1

I am getting a weird error for the following code:

#include <assert.h>
#include <stdio.h>
#include <immintrin.h>

inline static double myfma(double x,double y, double z) {
    double r; // result                                                                                                                                                     
    __m128d xx, yy, zz,rr;

    xx = _mm_set_sd(x);// xx[0]=x, xx[1]=undefined                                                                                                                          
    yy = _mm_set_sd(y);// yy[0]=y, yy[1]=undefined                                                                                                                          
    zz = _mm_set_sd(z);// zz[0]=z, zz[1]=undefined                                                                                                                          
    r = _mm_cvtsd_f64(_mm_fmadd_pd(xx,yy,zz));

    return r;
}

void testfma() {
    double x, y, z, res;
    x = 1.0;
    y = 2.0;
    z = 3.0;

    res =  myfma(x,y,z);
    printf("test: res = x*y + z \n");
    printf("    x: %g\n", x);
    printf("    y: %g\n", y);
    printf("    z: %g\n", z);
    assert(res == 5.0);
}


int main() {
    testfma();
    return 0; 
}

compiling the code as:

g++ test.cpp -o a.out -std=c++11 -mavx2 -mfma  -march=native -g

when I run the executable I am getting the message:

Illegal instruction (core dumped)

Using gdb in order to get further details:

gdb ./a.out
(gdb) r
(gdb) r
Starting program: ....

Program received signal SIGILL, Illegal instruction.
0x000000000040067d in _mm_fmadd_pd(double __vector(2), double __vector(2), double __vector(2)) (__C=..., __B=..., __A=...)
    at /usr/lib/gcc/x86_64-linux-gnu/5/include/fmaintrin.h:42
42                                                 (__v2df)__C);

However when using valgrind as follows:

valgrind ./a.out
==9825== Memcheck, a memory error detector
==9825== Copyright (C) 2002-2015, and GNU GPL'd, by Julian Seward et al.
==9825== Using Valgrind-3.11.0 and LibVEX; rerun with -h for copyright 

info
==9825== Command: ./helios.x
==9825== 
test: res = x*y + z 
    x: 1
    y: 2
    z: 3
    res: 5
==9825== 
==9825== HEAP SUMMARY:
==9825==     in use at exit: 0 bytes in 0 blocks
==9825==   total heap usage: 1 allocs, 1 frees, 1,024 bytes allocated
==9825== 
==9825== All heap blocks were freed -- no leaks are possible
==9825== 
==9825== For counts of detected and suppressed errors, rerun with: -v
==9825== ERROR SUMMARY: 0 errors from 0 contexts (suppressed: 0 from 0)

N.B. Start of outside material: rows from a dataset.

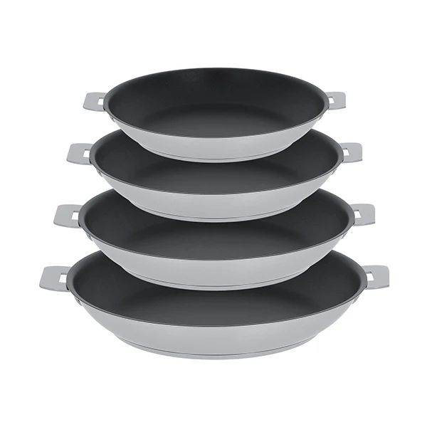 Lot 4 poêles inox antiadhérentes Strate sans manche 20, 24, 26 et 28 cm Cristel
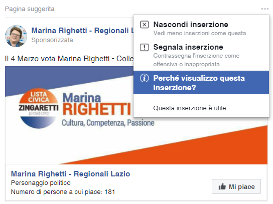 È facile scoprire quali sono gli obiettivi di marketing di un post Facebook. Quando vediamo un post sponsorizzato, basta cliccare sui tre puntini che vediamo in alto a destra e poi selezionare la voce “Perchè visualizzo questa inserzione?”.
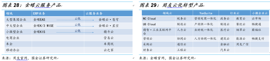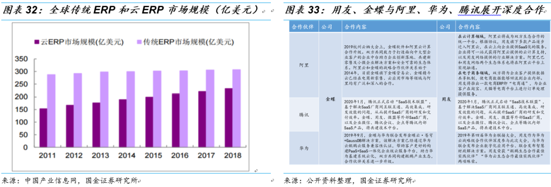 金蝶、用友加速与阿里、腾讯、华为等公有云巨头厂商展开合作。
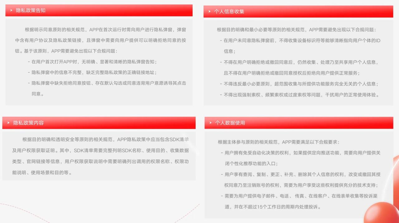 公示隐私政策是保证用户知情权的重要手段,隐私政策应清晰、准确、完整地描述App的个人信息处理行为,并获得用户主动确认同意。因此在隐私政策告知、隐私政策内容、个人信息收集、个人数据使用几方面,需严格遵循明示同意、透明安全、目的性、必要性与最小范围等基本原则,避免出现违规问题。
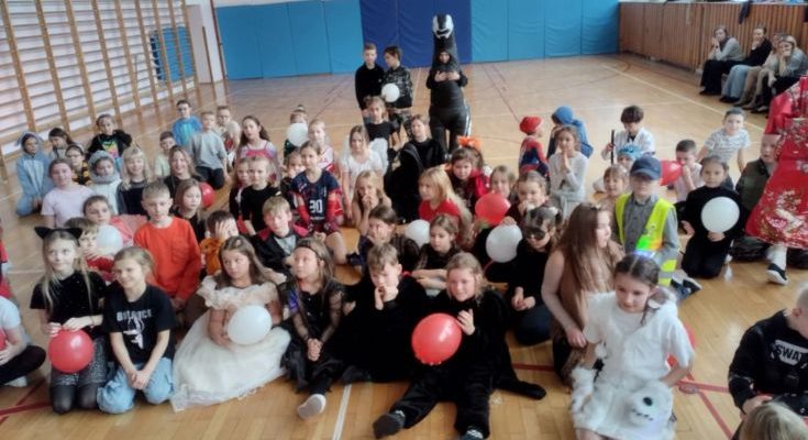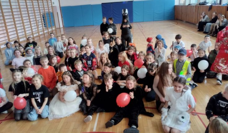 W naszej szkole zapanowała iście magiczna atmosfera! Uczniowie klas najmłodszych udowodnili, że wyobraźnia nie zna granic, zamieniając korytarze i salę gimnastyczną w krainę pełną barw, uśmiechu i tanecznej energii.
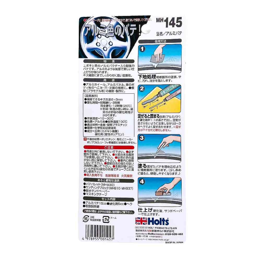エポキシ系のアルミバウダー入り超強力パテです。 アルミのような質感で美しい仕上がりが得られます。 キズ細部にまでしっかり付く高い密着性。
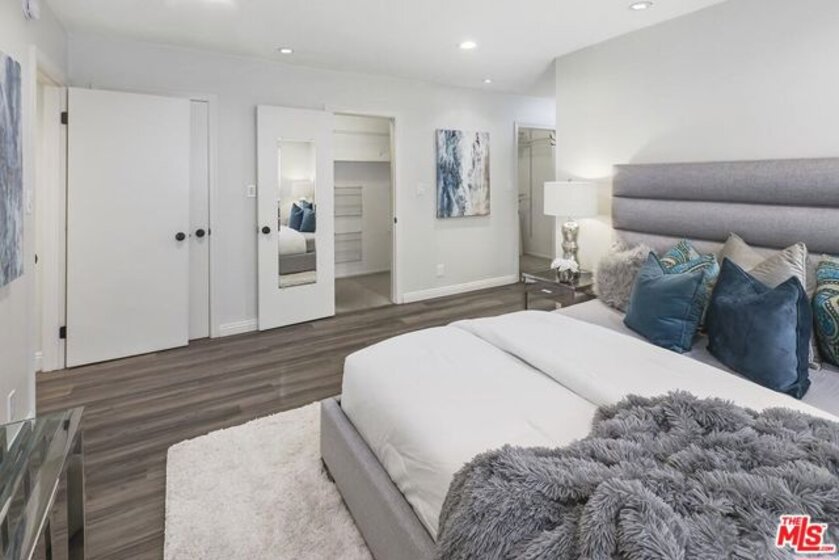 Be charmed by this stylish single story unit just a few blocks North of Ventura Blvd. in prime Sherman Oaks. A huge, open-concept living and dining area is perfect for entertaining. The kitchen boasts a large peninsula with countertop seating, farmhouse sink, stainless steel appliances, and designer finishes throughout. The primary bedroom has three walk-in closets, a built-in vanity, and an en-suite bathroom with a separate bathtub and shower. There is a nicely sized secondary bedroom and additional bathroom with shower. Other features include a brand new heating and cooling system, dual pane windows, laminate flooring and recessed lighting. There is an all-in-one washer and dryer in-unit, two side-by-side parking spaces, and a community pool. An elevator from the garage makes this unit easily accessible. With close proximity to shops, restaurants, and parks, this unit has it all.
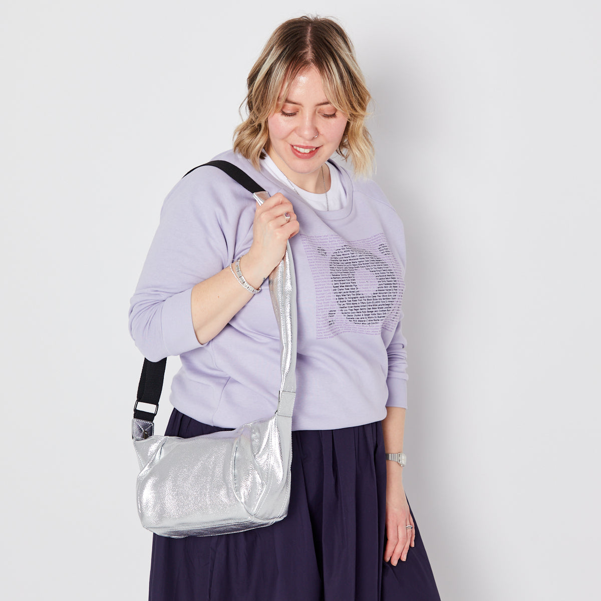 Make a statement with our Small Silver Crossbody Bag.
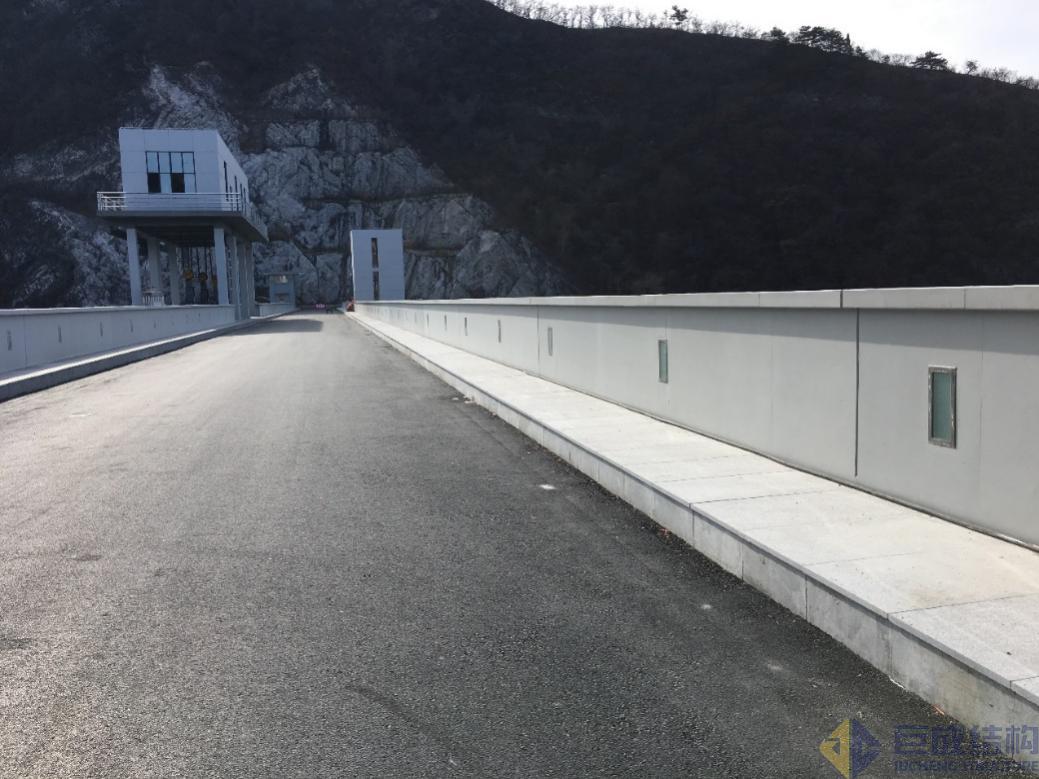 觀音閣水庫是東北著名的大型水庫,壩頂建筑彩鋼板銹蝕嚴重,大壩其它位置外立面也較為破敗。遼寧省相關領導在了解清水混凝土效果后,認為符合觀音閣大壩整體風格。2016年委托巨成結構對其進行改造。溢流壩啟閉機室外墻采用現澆清水混凝土,大壩采用涂裝清水混凝土,防浪墻采用后澆清水混凝土。大壩改造后山水渾然天成,水庫成為4A級景區。
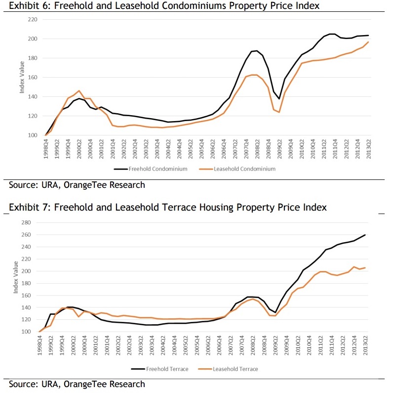 URA有leasehold和freehold的比较分析,从1998年到2013年,比较了Condo和Terrace在几次房价上升和下跌期的变化。长期来说,freehold会比leasehold好些,有地住宅terrace会比较明显。请看下图:
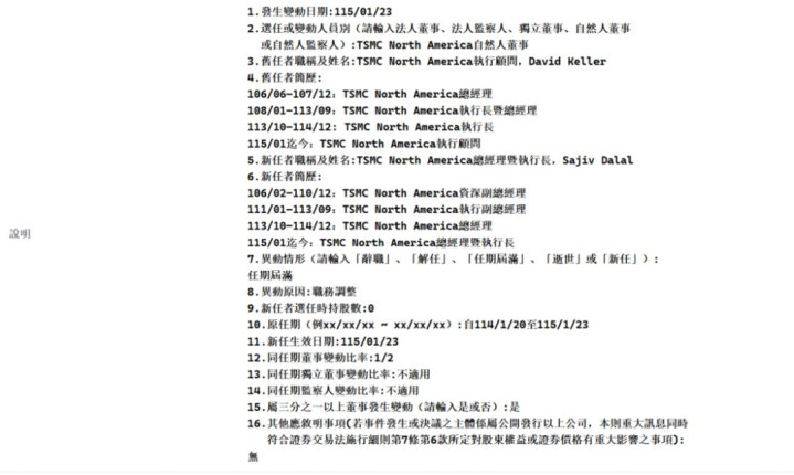 把柄公告,原任TSMC North America当然东说念主董事、并担任实施参谋人的David Keller,因任期届满卸任董事职务。Keller永久深耕台积电好意思国营运,曾于2017年至2018年间出任TSMC North America总司理,2019年至2024年9月担任实施长暨总司理,2024年10月至2025年底担任实施长,并自2026年1月起转任实施参谋人,捏续提供计策与营运漠视。

The program seems to be working. What I am missing here? How can I use _mm_fmadd_pd in a robust way? Is possible to make the example to works regardless of being running in a Intel or AMD processor? is possible to make it compile regardless using g++ or icpc?

Paul R
  • 208,748
  • 37
  • 389
  • 560
  • Are you sure your CPU has FMA ? Also, try compiling with `-g` so that when you crash in gdb you can see what's going on... – Paul R Mar 17 '17 at 09:55
  • Using the -g flag I get the error: (gdb) r Starting program: ...... Program received signal SIGILL, Illegal instruction. 0x000000000040067d in _mm_fmadd_pd(double __vector(2), double __vector(2), double __vector(2)) (__C=..., __B=..., __A=...) at /usr/lib/gcc/x86_64-linux-gnu/5/include/fmaintrin.h:42 42 (__v2df)__C); – Rubén Darío Guerrero Mar 17 '17 at 10:02

1 Answers1

0

My guess is that your CPU does not support FMA instructions. The reason it does not fail under valgrind is because valgrind can emulate certain instructions.

You might want to consider using std::fma if you only want SISD. With gcc it generates an inline FMA instruction, but if you compile for a non-FMA target then it will fall back to a non-FMA implementation.

Paul R
  • 208,748
  • 37
  • 389
  • 560